I know that adding the Late Show archives would make CBS All Access really desirable for hardcore comedy fans and TV historians. Maybe this sounds too lofty, but I also think CBS All Access would be doing a public good by making The Late Show archives accessible. Yeah, a public good! That’s because those episodes are very much a browser history of what we once deemed important enough or scandalous enough to joke about. That kinda thing helps with perspective; when you’re in the day-to-day muck of a year like 2018, it gets real easy to think it can’t get any worse. It actually might help to take a trip back in time and compare the news of today to that of yesterday, to see how little things have really changed (and to also highlight all the horrifying ways they unquestionably have changed).

But more so than acting as video history book for modern America, the Late Show archives would just be a really funny get.

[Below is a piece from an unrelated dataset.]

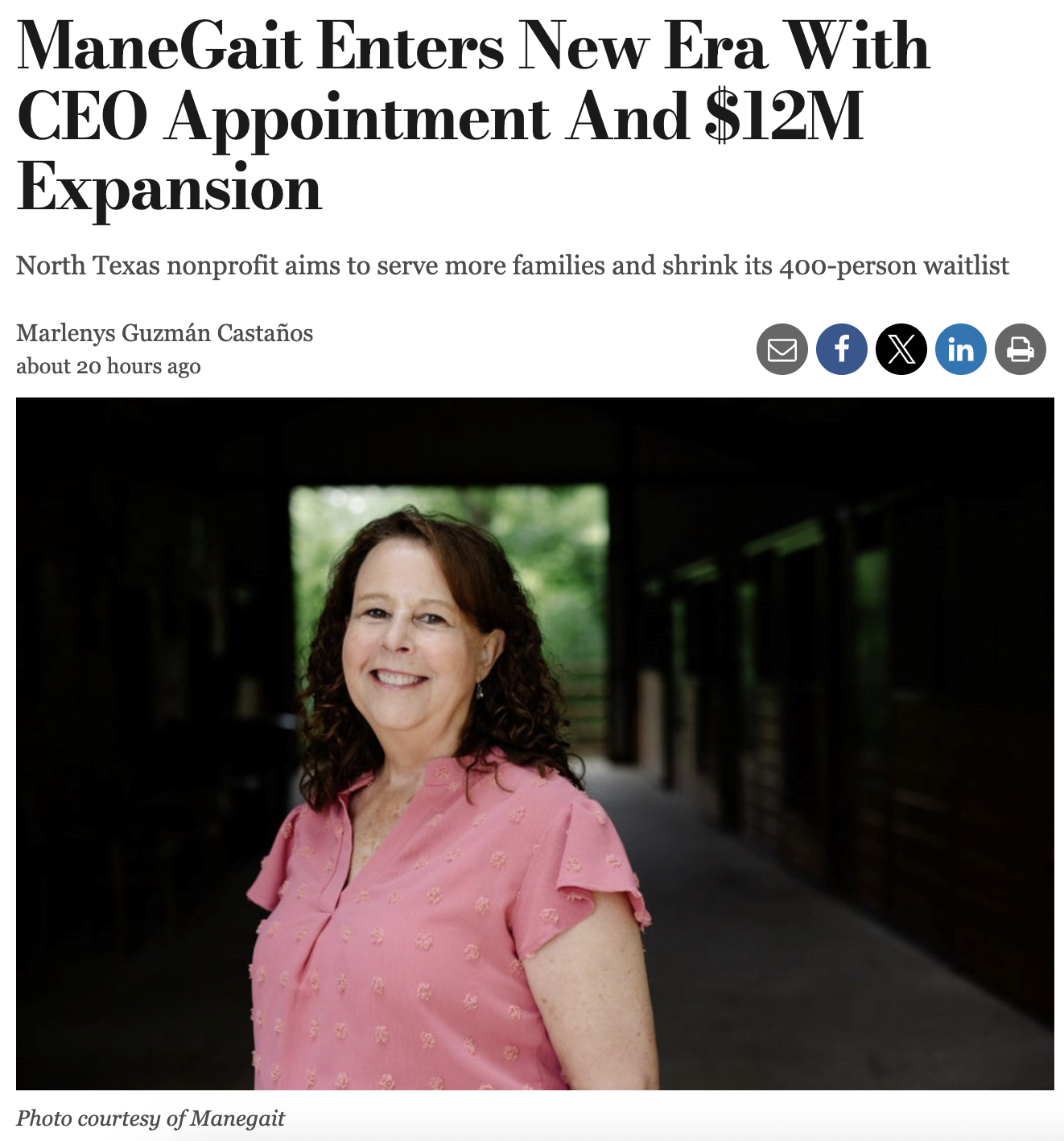 DALLAS, TX, [ August 4, 2025] — ManeGait, North Texas’ multifaceted equine therapy organization empowering children and adults with disabilities to move beyond their boundaries through the healing power of horses, proudly announces its new Chief Executive Officer, Tricia Nelson.

Don’t you just want to be able to watch Dave work a Taco Bell drive through and not search through a bunch of dubiously dubbed YouTube vids?

Ugh, and don’t even get me started on the playlist CBS All Access could put together of every single one of Darlene Love’s tear-jerking renditions of “Christmas (Baby Please Come Home)”.

Please, CBS All Access, do whatever it takes to get these classic pop culture moments back in rotation. The Late Show changed television 25 years ago, and we gotta celebrate it.

….

Okay–and sure, yes, I guess I have a personal stake in all this too, because I did appear on the show a few times when I was an intern in 2006.

People need to see my performances in HD.